Управляющий прицелился в чертополох шагах в тридцати и срезал его под корень.
— И вы держите это разбойничье оружие для того, чтобы охранять хозяина? Уж не он ли вам его подарил?
— Он нарочно приехал из Парижа, чтобы мне его поднести, — ответил Мишю.
— А что ни говорите, люди много кое-чего болтают на его счет: одни уверяют, будто он попал в немилость и уходит на покой, другие, будто он сам хочет тут во всем разобраться. А в самом деле — почему он пожаловал без предупреждения, совсем как первый консул? Вы-то знали, что он едет?
— Я с ним не так близок, чтобы он поверял мне свои планы.
— Значит, вы его еще не видели?
— Я узнал о его приезде, только когда вернулся из леса, — ответил Мишю, снова заряжая ружье.
— Он послал в Арси за господином Гревеном; верно, собираются что-нибудь натрибунить...
Мален в свое время был трибуном[10].
— Если вы едете в сторону Сен-Синя, — сказал Мишю Виолету, — подвезите меня, мне как раз туда.
Виолет был слишком труслив, чтобы посадить позади себя такого силача, как Мишю; он мигом пришпорил лошадь. Иуда Арсийский вскинул ружье на плечо и помчался к аллее.
— На кого это Мишю сердится? — обратилась Марта к матери.
— С тех пор как он узнал о приезде господина Малена, он сам не свой, — ответила та. — Но становится сыро, пойдем домой.
Когда женщины уселись возле очага, они услышали лай Куро.
— А вот и Мишю! — воскликнула Марта.
Действительно, Мишю поднимался по лестнице; встревоженная Марта пошла вслед за ним в их спальню.
— Посмотри: никого нет? — взволнованно обратился он к жене.
— Никого, — ответила она. — Марианна на лугу с коровой, а Гоше...
— Где же Гоше? — переспросил он.
— Не знаю.
— Я перестал доверять этому негоднику; поднимись на чердак, осмотри его, поищи мальчишку во всех закоулках, во всем доме.
Марта вышла; вернувшись, она застала Мишю на коленях; он молился.
— Что с тобою? — спросила она в испуге.
Управляющий обнял жену за талию, привлек ее к себе, поцеловал в лоб и взволнованно сказал:
— Если мы с тобою больше не увидимся, знай, милая моя женушка, что я очень любил тебя. Следуй в точности всем моим распоряжениям, которые ты найдешь в оставленном мною письме; оно зарыто под лиственницей, вон там, возле тех деревьев, — сказал он, помолчав, и указал на дерево. — Письмо в жестяной банке. Откопай его только после моей смерти. И — что бы ни случилось, как бы люди ни были несправедливы — верь, что моя рука послужила делу правосудия божия.

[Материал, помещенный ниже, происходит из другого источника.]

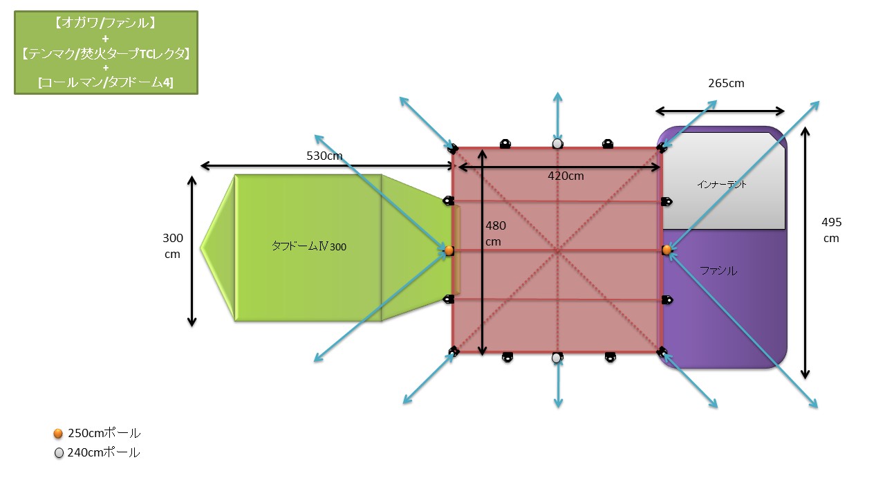 ・メインタープポール250cm*2+サブタープポール*2を使ったタトンカ張り
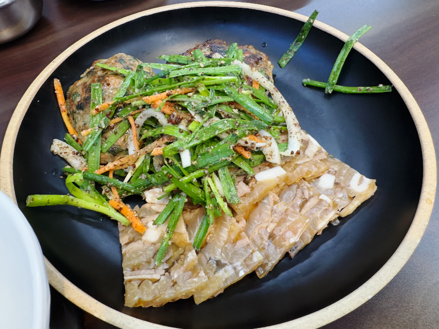 약돌 돼지 한상에는 떡갈비, 편육이 나오고 더덕 약돌 돼지 한상에는 더덕과 떡갈비가 나옵니다. 더덕 약돌 돼지 한상에는 원래 편육이 안 들어가는데 맛만 보라고 몇 점 같이 얹었다고 이야기해 주셨답니다. 떡갈비는 크기는 조금 작은데 도톰하고 간이 세지 않아 좋았습니다. 떡갈비 위에 올려져 있는 부추가 정말 맛있습니다. 들깨소스가 버무려져 있어 고소하고 향긋하고 달콤합니다. 편육도 한 점 먹어보고 깜짝 놀랐는데요. 일반적인 편육과는 다른 특이한 맛인데 맛있습니다. 매콤한 더덕도 떡갈비와 잘 어울려서 맛있게 먹었답니다.

Марта постепенно бледнела и стала наконец белее полотна; она пристально взглянула на мужа, глаза ее расширились от ужаса; ей хотелось заговорить, но горло у нее пересохло. Привязав к ножке кровати Куро, который завыл, как воют собаки, когда почуют беду, Мишю исчез словно призрак.
Гнев Мишю на господина Мариона имел серьезные основания, но теперь Мишю перенес его на человека, в глазах Мишю гораздо более преступного, — на Малена, секреты которого Мишю отгадал, ибо управляющий лучше чем кто-либо мог оценить по достоинству поведение государственного советника. Как политический деятель, тесть Мишю пользовался доверием Малена, когда тот благодаря стараниям Гревена был избран в Конвент в качестве представителя от департамента Об.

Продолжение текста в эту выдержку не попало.